5. Disposition of iodine-refractory thyroid cancer
Iodine-refractory thyroid cancer has been a difficult and hot spot for diagnosis and treatment. Rose (Rose) et al. published the results of a phase III randomized double-blind clinical trial on sorafenib for locally advanced and metastatic DTC in The Lancet. The study confirmed that sorafenib prolonged the progression-free survival (PFS) period of patients by almost a factor of 1 compared to the placebo group (10, 8 months versus 5, 8 months).
At this annual meeting, more attention was paid to the indications for the use of tyrosine kinase inhibitors (TKI) such as sorafenib. Given the adverse effects caused by TKI, such as hand-foot syndrome, and the fact that patients can exhibit a longer period of stable disease even in iodine-refractory states, the questions of when to start TKI, whether TKI should be applied earlier, and how to deal with elderly frail patients who cannot use TKI remain unanswered. In response to the question of salvage treatment options for patients who have failed first-line targeted therapy with sorafenib, a study by Dadu et al. suggested that salvage treatment with other TKI such as sunitinib and levatinib would extend the overall survival time of these patients from 28 months to 58 months with sorafenib alone.
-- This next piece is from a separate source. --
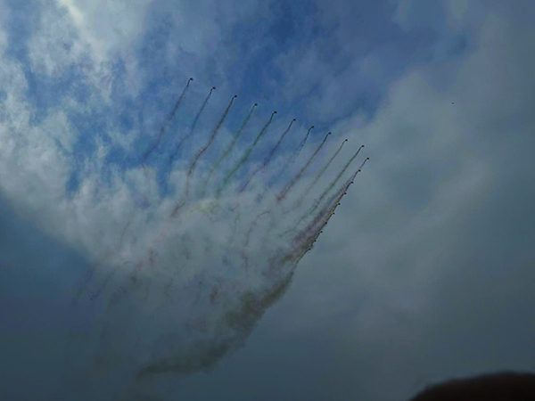 一系列科技項(xiàng)目展演將現(xiàn)場氣氛不斷推向高潮。“希望號”火箭模型點(diǎn)火升空,象征探索啟航;無人機(jī)編隊(duì)隨之升空,以靈動(dòng)的隊(duì)形變換與彩色拉煙,在空中勾勒出“義”字等圖案;宇航員人形無人機(jī)在空中漫步、穿越機(jī)環(huán)形飛行撞氣球,呈現(xiàn)出一場兼具創(chuàng)意與技術(shù)的視覺展示,生動(dòng)詮釋了科技與青春的融合。

In addition, a study from Korea suggests that 131I combined with the application of lithium therapy is expected to improve the responsiveness of iodine-refractory thyroid cancer to 131I therapy and extend the survival of patients (126, 2 months vs. 105, 4 months).
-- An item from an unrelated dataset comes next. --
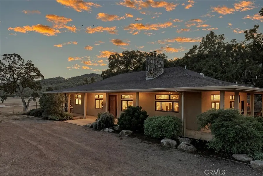 Experience tranquility in this stunning single-level modern stucco home on 23.57 acres, surrounded by majestic oaks and scenic meadows. The open floor plan features soaring ceilings, heated vinyl plank flooring, and a cozy fireplace. The chef's kitchen boasts top-tier appliances, a sleek European-style hood, and a spacious island with built-in seating and wireless charging. The dining area offers beautiful views and access to the private backyard.

6. Brief description of possible updates to the new guidelines on nuclear medicine
The ATA published guidelines on the diagnosis and treatment of thyroid nodules and thyroid cancer in 2006 and 2009, and their revised versions. In the past 5 years, with the increasing global incidence of thyroid cancer and the growing research evidence on thyroid cancer, the ATA will update the guidelines again in 2014. The first draft of this updated guideline is described and interpreted in this meeting, and is expected to affect the decision making of 131I for DTC in the following ways.
1. Postoperative assessments such as determining postoperative disease persistence or disease-free status will influence 131I decisions more. In the postoperative evaluation, more emphasis is placed on the significance of postoperative Tg levels in assessing disease persistence status, residual thyroid condition and predicting recurrence; and it is proposed that postoperative diagnostic 131I whole-body imaging will help aid in determining residual thyroid condition that cannot be determined by surgery and ultrasound.
In the risk stratification of recurrence before 131I treatment, molecules such as BRAF, which are closely related to aggressiveness and patient prognosis, are expected to be included as important weighting factors in risk assessment and stratification, such as including those with tumors larger than 1 cm with BRAFV600E and TERT mutations in the high-risk stratification, and those with BRAFV600E mutations confined to the thyroid gland in the medium-risk stratification.
3. In terms of 131I dose recommendations, the recommended 131I treatment dose for low- and intermediate-risk patients is 1110 MBq (30 mCi), based on the results of high-quality multicenter clinical trials and recent meta-analyses in recent years.
4. The concept of dynamic assessment after intervention with treatment (including surgery and 131I) and other factors and its significance in guiding patients’ subsequent treatment was emphasized.